We next attempted to reconstruct the production of each of the H. minutum McC-like compounds in a heterologous E. coli host. Cognate mccA-mccB pairs were cloned on one expression plasmid, and the mccP₁P₂P₃ genes encoding the putative transporter were cloned on a compatible plasmid. Under conditions of induction of plasmid-borne genes, E. coli cells or cellular extracts harboring both plasmid pairs did not inhibit the growth of an McC-sensitive E. coli tester strain, and no mass ions corresponding to H. minutum McC-like compounds were detected in cultured medium (see Fig. S1A in the supplemental material). To test if peptidyl-adenylates are synthesized but fail to export from the heterologous host, induced cells were subjected to MALDI-TOF MS. MH⁺ ions at m/z 4,255.2 and 5,096.6 corresponding to full-length adenylated MccA₁ and MccA₂, respectively, were identified in cells harboring plasmids producing MccA₁-MccB₁ and MccA₂-MccB₂ pairs.
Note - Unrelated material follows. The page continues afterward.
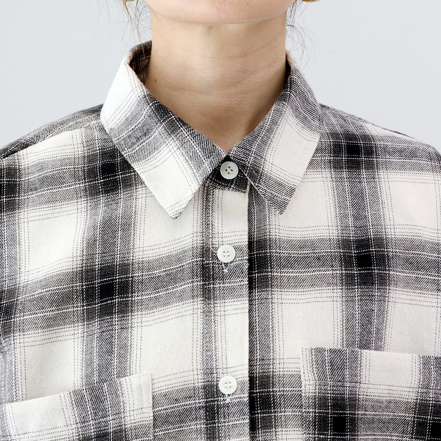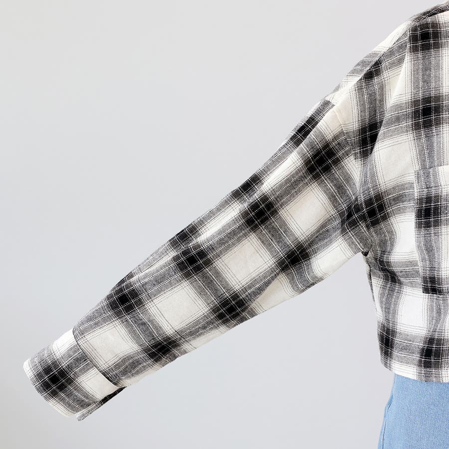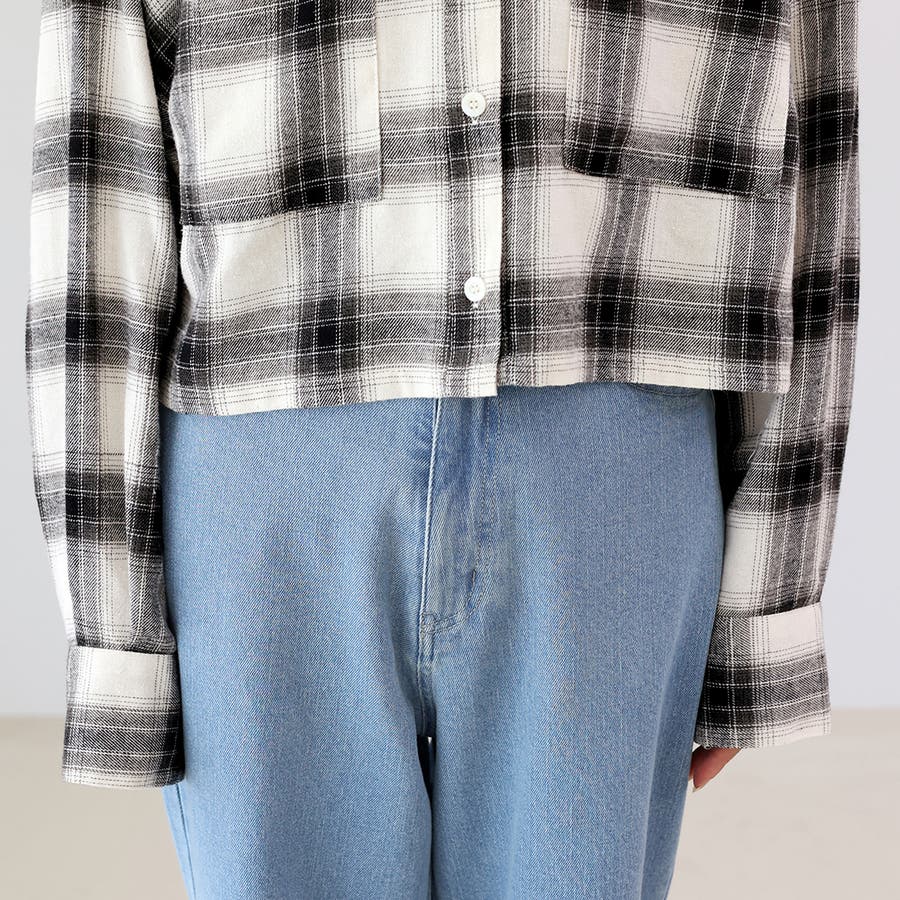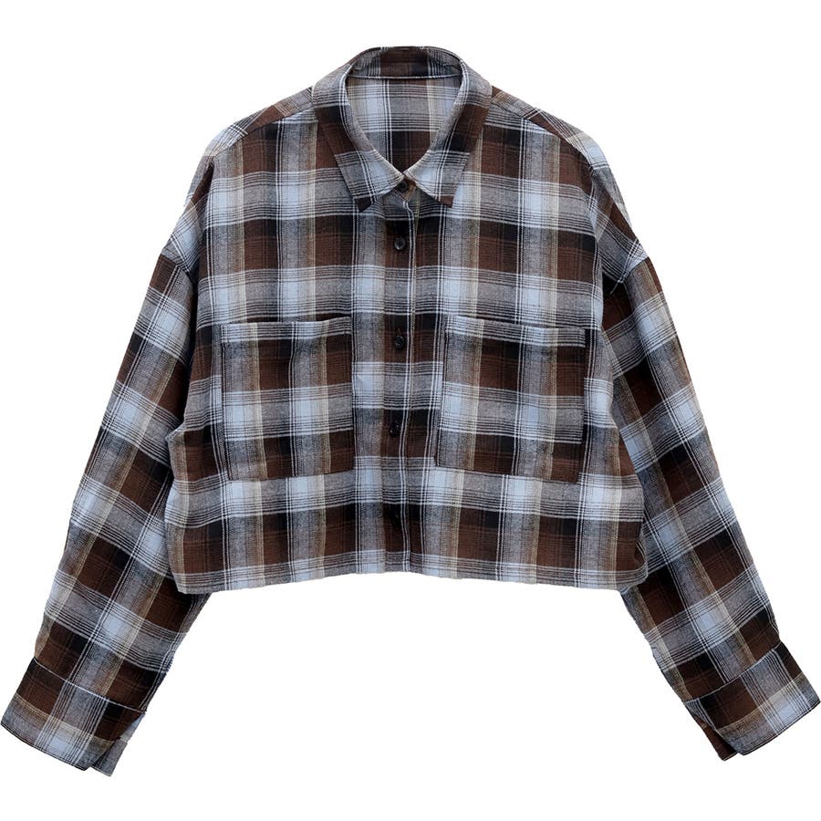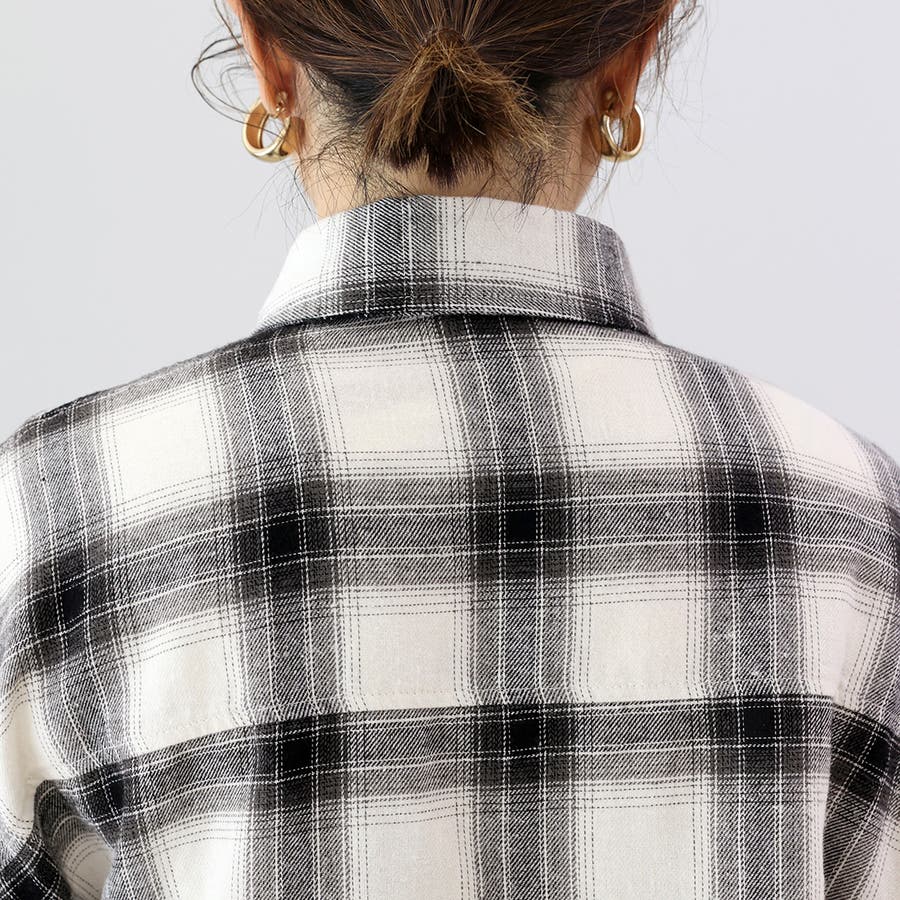 旬ムード漂う落ち着いた配色のチェック柄が大人の雰囲気、トレンド問わずで着回せるチェック柄シャツ。レギュラーカラー仕様で、きちんと感も程よくキープします。ワイドな身幅とドロップショルダーで、体型を自然にカバーしながらもリラックス感のある着心地。クロップド丈は脚長効果があり、ハイウエストボトムとの相性も抜群、羽織りとしてもバランスよく着られます。フロントの両ポケットがアクセントに。デニムやスカート、きれいめボトムまで幅広くコーディネートしやすい便利なアイテムです。
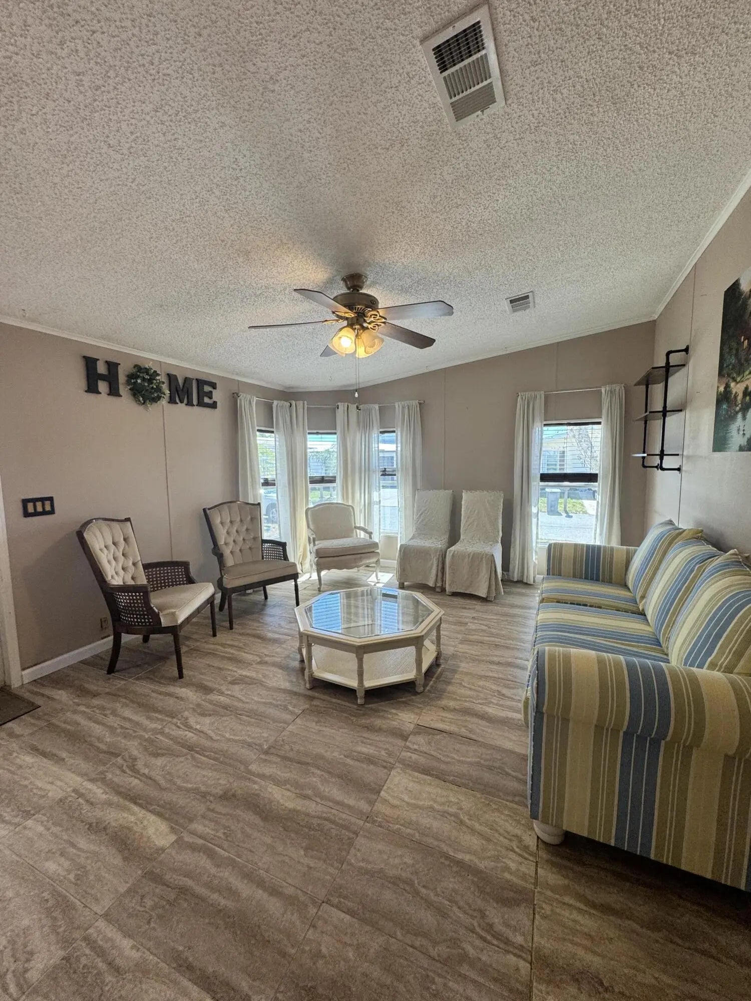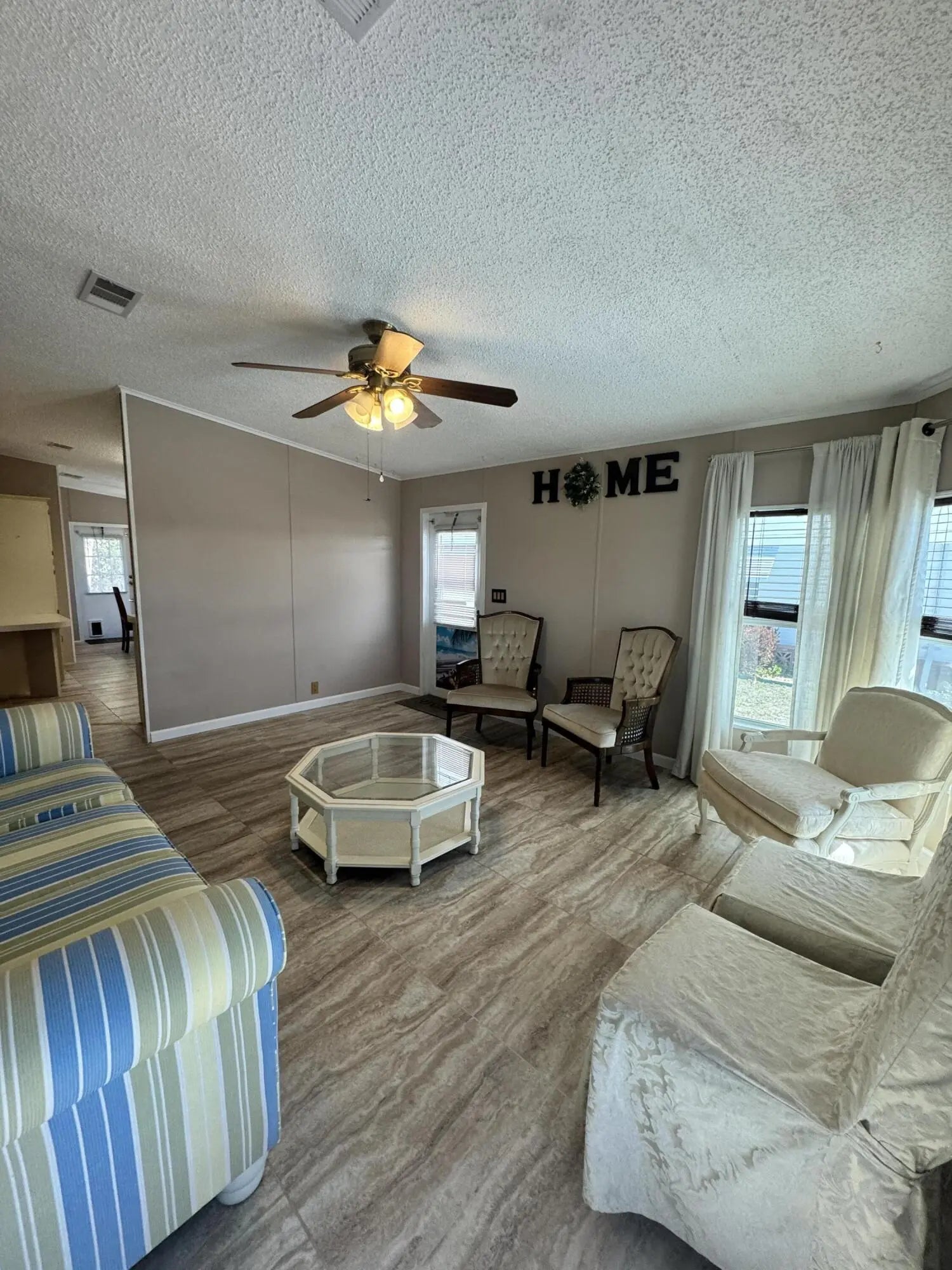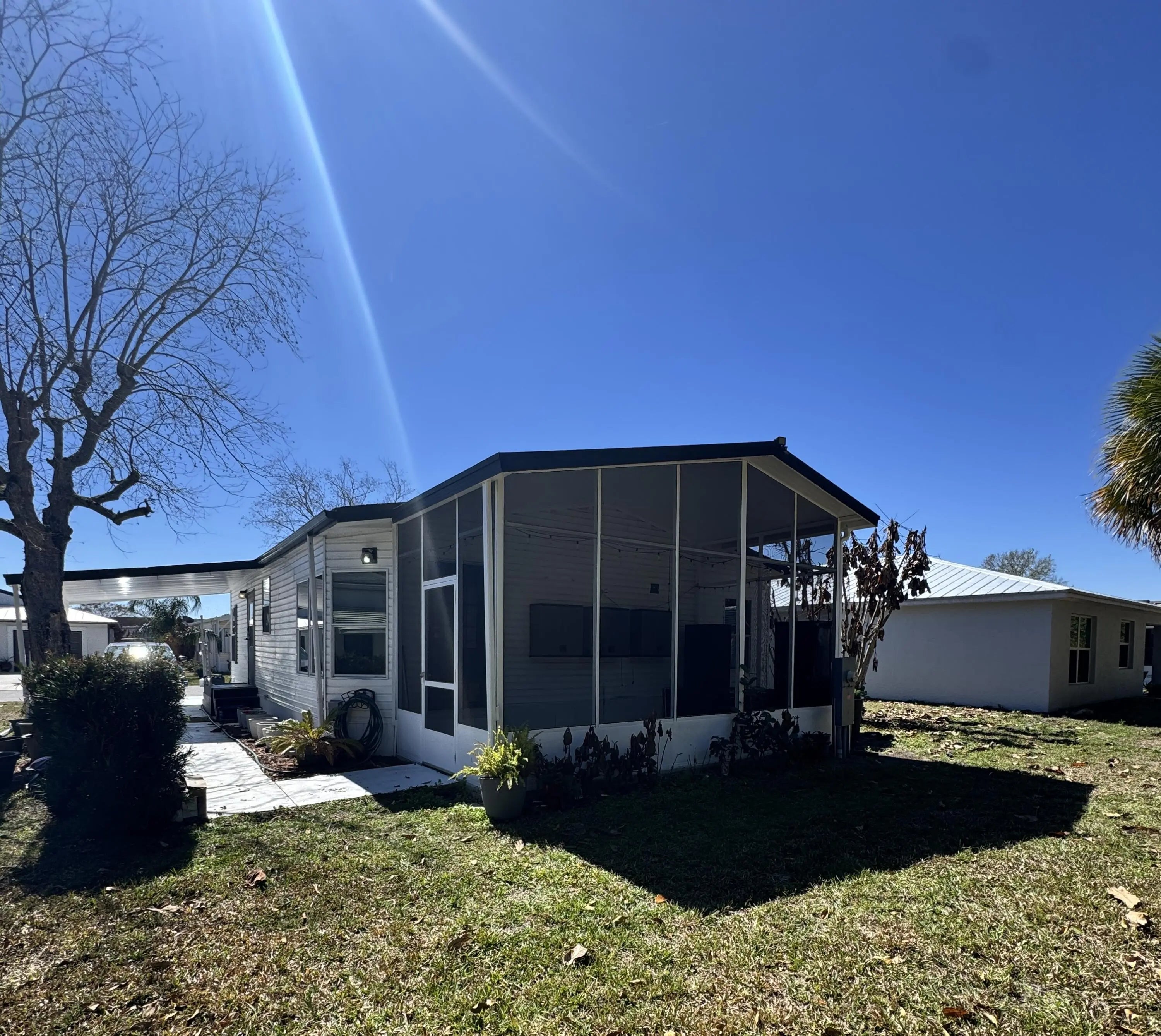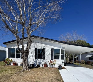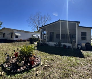 Well-maintained home in the desirable 55-plus community of Spanish Lakes Fairways. Home is at the back of the park with a very private backyard. 2-bedroom 2-bath home. newer laminate floors, no carpet. open kitchen with dinette area. Laundry is in the home. lovely back patio, great for morning coffee or evening cocktails. Lawn care, trash removal, and golf are included in the lot rent. The community includes 2 pools, tennis, pickleball, bocce ball, and shuffleboard. clubhouse and much more. Must See!

In addition, MH⁺ ions at m/z 4,124.2 and 4,965.6, corresponding to adenylated MccA₁ and MccA₂ peptides lacking the first methionine residue, were detected. Unmodified full-sized MccA₁ and MccA₂ polypeptides (MH⁺ ions at m/z 3,926.2 and 4,767.6, respectively) and their derivatives lacking methionine (MH⁺ ions at m/z 3,795.2 and 4,636.6) were also observed (Fig. S1B). Thus, two distinct products of the H. minutum mcc cluster are produced in the heterologous host but fail to be exported at a detectable level.

FIG S1

Production of McC₁^Hmi and McC₂^Hmi in a heterologous host. (A). E. coli cells harboring the plasmid-borne H. minutum mcc operon do not produce toxic compounds, as follows: mccA₁B₁, E. coli BL21(DE3) cells harboring pRSF_mccA₁B₁^Hmi and pACYC_mccP₁P₂P₃^Hmi plasmids; mccA₂B₂, BL21(DE3) cells carrying pRSF_mccA₂B₂^Hmi and pACYC_mccP₁P₂P₃^Hmi plasmids; and control, E. coli BL21(DE3) cells harboring empty pRSF and pACYC vectors. Cells were induced for 24 h at 30°С and then extracted as described in reference 37. Five microliters of 10× concentrated cell cultures (upper panel) or cellular extracts (lower panel) were deposited on the surface of McC-sensitive E. coli B cells lawn (upper panel). Two microliters of 0.5 μg/ml gentamicin solution was used as a control antibiotic. (B) MALDI-TOF MS analysis of E. coli BL21 cells harboring pRSF_mccA₂B₂^Hmi and pACYC_mccP₁P₂P₃^Hmi (top) and pRSF_mccA₁B₁^Hmi and pACYC_mccP₁P₂P₃^Hmi plasmids (bottom). At the top spectrum, MH⁺ at m/z 5,096.6 corresponding to adenylated MccA₂^Hmi, peptide-adenylate lacking N-terminal methionine (MH⁺ at m/z 4,965.6), full-length MccA₂^Hmi precursor peptide (MH⁺ at m/z 4,767.6), and MccA₂^Hmi lacking N-terminal methionine (MH⁺ at m/z 4,636.6) are labeled. MH⁺ ions at m/z 3,637.0 and 4,363.5 correspond to E. coli proteins. At the bottom spectrum, ions corresponding to adenylated MccA₁^Hmi (MH⁺ at m/z 4,255.2), peptide-adenylate lacking N-terminal methionine (MH⁺ at m/z 4,124.2), full-length MccA₁^Hmi precursor peptide (MH⁺ at m/z 3,926.2), and MccA₁^Hmi lacking N-terminal methionine (MH⁺ at m/z 3,795.2) are labeled. Download FIG S1, PDF file, 0.2 MB ^{(200.4KB, pdf)} .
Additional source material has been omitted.